Participations in startups

(translated by deepl.com)

Building a successful startup is the dream of many entrepreneurs. But there are some important aspects to consider when looking for investors and distributing equity investments. In this article, we will look at shareholdings in startups.

A crucial question is who owns how many shares in a company and what rights come with them. There are different legal forms. In this case, we are talking about a GmbH. In the case of a GmbH, the parties involved are referred to as shareholders. The amount of their shareholding determines their claims and rights. The share ownership of a shareholder can be regulated either by his percentage share in the company or by fixed provisions in the articles of association. It becomes clear how important a company's articles of association are in clearly defining the shareholding relationships.

Another important aspect is the shareholders' right to have a say. Depending on the percentage and type of shareholding, they may have different co-determination rights. This can lead to a complex situation. For example, a participation of at least 10% is interesting from a tax point of view, as it can be declared as a qualified participation in the private tax return. Qualified participations are taxed less. A majority shareholding of more than 50% gives the shareholder considerable influence over business decisions. From an interest of two-thirds, the shareholder has almost unrestricted decision-making power, which is referred to as qualified more.

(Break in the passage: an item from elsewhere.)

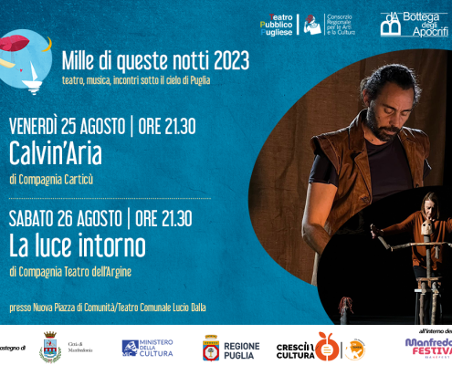 “Mille di queste notti” continua con “Calvin’Aria” della compagnia Carticù e “La luce intorno” di Teatro dell’Argine. Venerdì 25 e sabato 26 agosto 2023, nella Nuova piazza di Comunità a Manfredonia.

It is advisable to familiarize oneself with the Code of Obligations (OR) from Article 703 onwards, as it contains many important regulations on shareholdings.

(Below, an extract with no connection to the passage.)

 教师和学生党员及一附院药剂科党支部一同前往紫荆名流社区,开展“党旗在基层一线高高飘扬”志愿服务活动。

In summary: It is desirable to own as many shares as possible. However, it is also necessary to dispose of shares in order to obtain investments.

Choosing the right investor

The choice of the investor should be made carefully, so that he corresponds to the own values and offers strategic added value as well as support for the startup. Even if one shareholder has a qualified majority, he should make decisions in consensus with the other shareholder. If everyone is pulling in the same direction, this is more likely to lead to success, as in a family.

In the case of capital increases, there is a risk of dilution, in which the shares can lose value. You only have to talk to Eduardo, a co-founder of Facebook, to know what this can feel like. To minimize this risk, anti-dilution clauses can be implemented for shareholders.

To summarize: Wise selection of investors who bring strategic knowledge and a valuable network is critical. It is important that they match personal and business values and have an impeccable reputation. However, the major shareholder also has an obligation to the smaller shareholders.

Conclusion

As you can see, the topic of shareholdings in startups is complex. It is advisable to seek professional advice and not sacrifice your own vision.